START Data to process

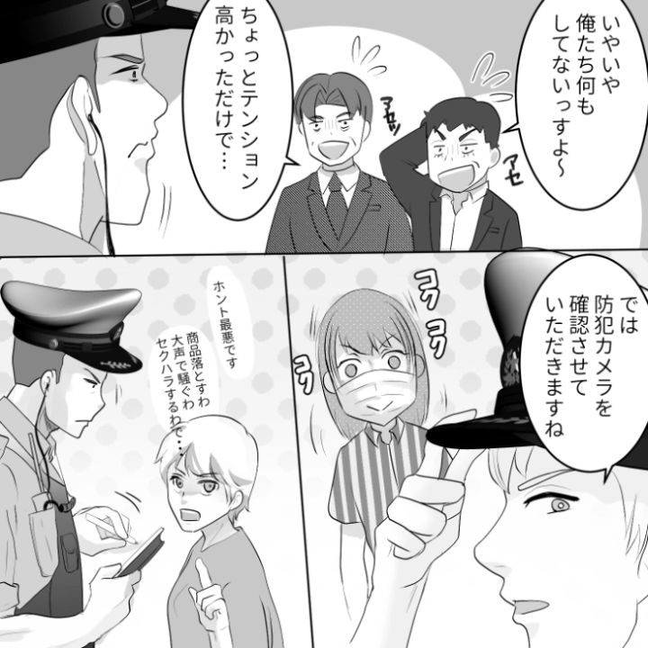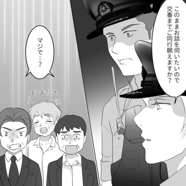 誰かが通報してくれたおかげで酔っ払いサラリーマン集団を警察に引き渡すことに成功。ようやく平和が訪れました。
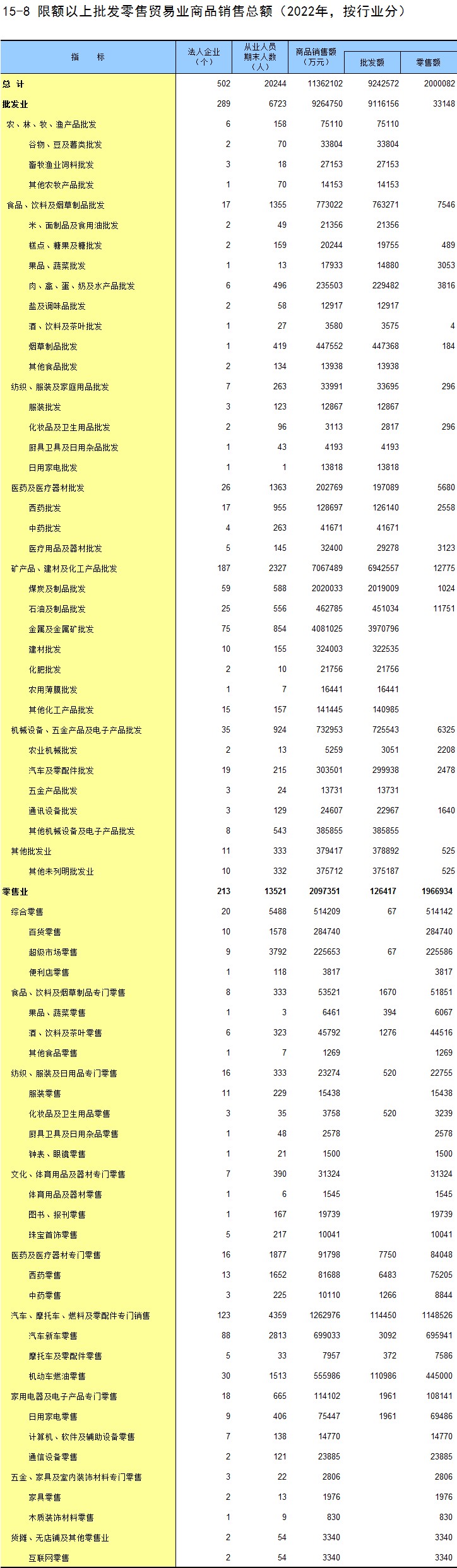 15-8 限额以上批发零售贸易业商品销售总额(2022年,按行业分)
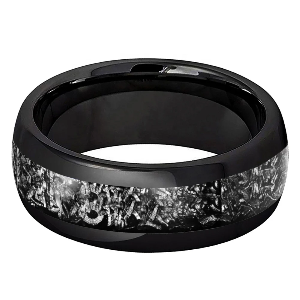 Coolstyle Jewelry 8mm Fashion Jewelry Engagement Wedding Band for Men Women Imitated Meteorite Chip Inlay Black Tungsten Ring
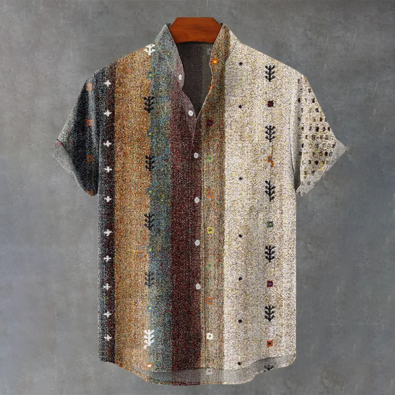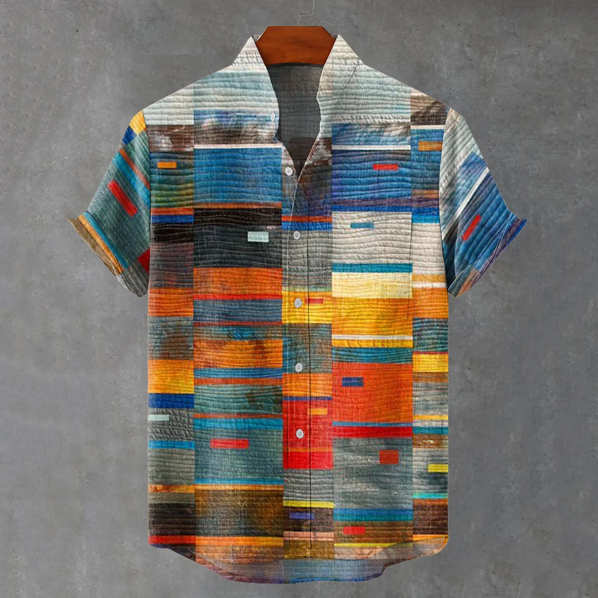 Men's Retro Abstract Color Stripes Geometric Art Print Cotton And Linen Shirt
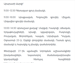 From 1:00 PM to 2:30 PM, parts of Artashat city, including several streets and nearby non-residential consumers, as well as parts of Vostan village, will also be affected.
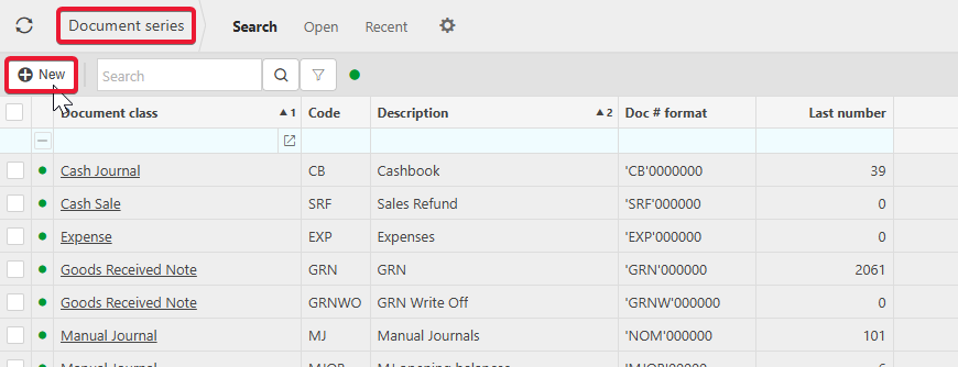 1. Navigate to Document Series, and select New.
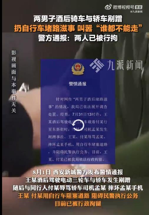 【警方通报2男子用共享单车堵路:已被行政拘留】8月1日,西安市公安局新城分局。经查,7月31日13时许,王某酒后驾驶电动三轮车载着付某行至东新街时,与轿车司机孟某发生剐蹭事故。王某、付某辱骂孟某、摔坏孟某手机、用自行车堵塞道路并阻碍民警执行公务。目前,王某、付某已被我局依法行政拘留。
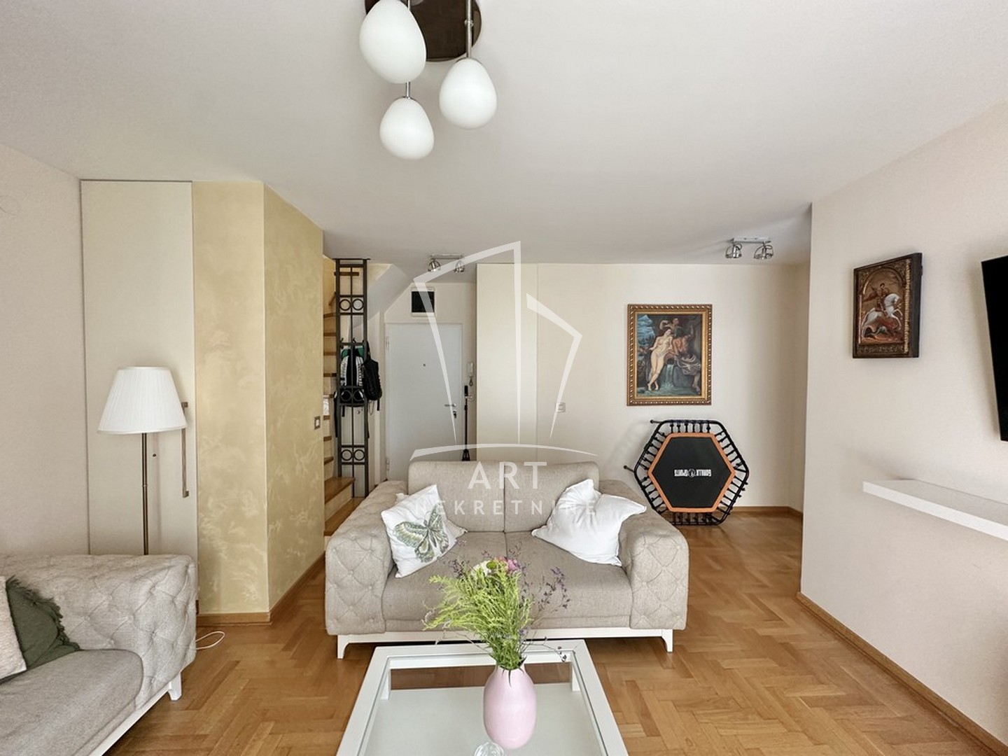 Dupleks odiše elegancijom, sofisticiranošću i pažljivo odabranim detaljima idealnim za miran porodičan život.
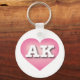 Esta chaveiro apresenta um coração calmo, legal e colecionado cor-de-rosa com um centro lavado em branco contendo as letras maiúsculas, em negrito, branco, AK, a abreviação oficial do Alasca, a última fronteira.
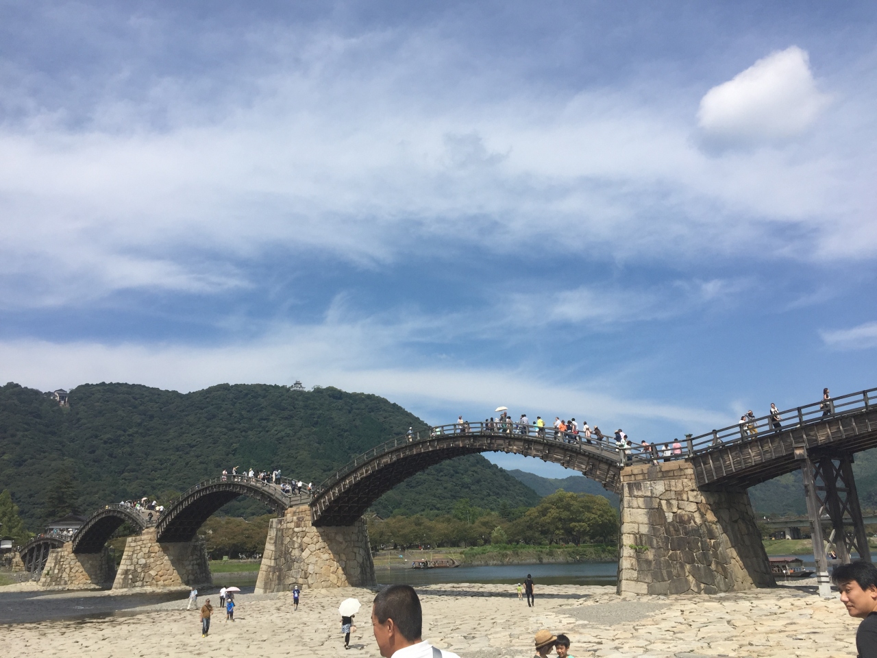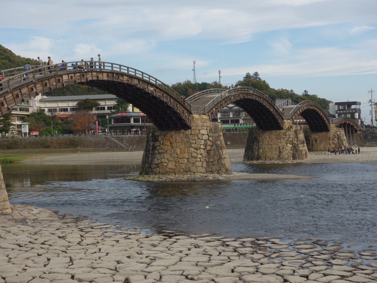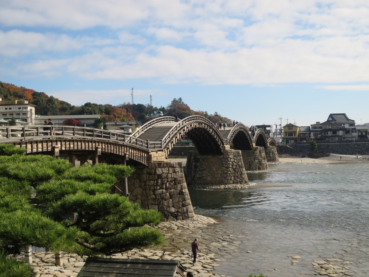 20年以上前に行って以来でした。新幹線の新岩国からタクシーで行きました。平成の初めのかけかえで少しきれいになったようですが...  続きを読む、木の色が少し白っぽいくらいで雰囲気はまったく変わっていませんでした。山の上には岩国城が見えて、今は咲いていませんが川沿いに桜の並木があります。混雑しますが桜の季節が最高だと思います。  閉じる

END Data to process

| What is expected |
Transcribe the material above word for word; images do not belong in the copy.

| Exercise answer |
 誰かが通報してくれたおかげで酔っ払いサラリーマン集団を警察に引き渡すことに成功。ようやく平和が訪れました。
 15-8 限额以上批发零售贸易业商品销售总额(2022年,按行业分)
 Coolstyle Jewelry 8mm Fashion Jewelry Engagement Wedding Band for Men Women Imitated Meteorite Chip Inlay Black Tungsten Ring
 Men's Retro Abstract Color Stripes Geometric Art Print Cotton And Linen Shirt
 From 1:00 PM to 2:30 PM, parts of Artashat city, including several streets and nearby non-residential consumers, as well as parts of Vostan village, will also be affected.
 1. Navigate to Document Series, and select New.
 【警方通报2男子用共享单车堵路:已被行政拘留】8月1日,西安市公安局新城分局。经查,7月31日13时许,王某酒后驾驶电动三轮车载着付某行至东新街时,与轿车司机孟某发生剐蹭事故。王某、付某辱骂孟某、摔坏孟某手机、用自行车堵塞道路并阻碍民警执行公务。目前,王某、付某已被我局依法行政拘留。
 Dupleks odiše elegancijom, sofisticiranošću i pažljivo odabranim detaljima idealnim za miran porodičan život.
 Esta chaveiro apresenta um coração calmo, legal e colecionado cor-de-rosa com um centro lavado em branco contendo as letras maiúsculas, em negrito, branco, AK, a abreviação oficial do Alasca, a última fronteira.
 20年以上前に行って以来でした。新幹線の新岩国からタクシーで行きました。平成の初めのかけかえで少しきれいになったようですが...  続きを読む、木の色が少し白っぽいくらいで雰囲気はまったく変わっていませんでした。山の上には岩国城が見えて、今は咲いていませんが川沿いに桜の並木があります。混雑しますが桜の季節が最高だと思います。  閉じる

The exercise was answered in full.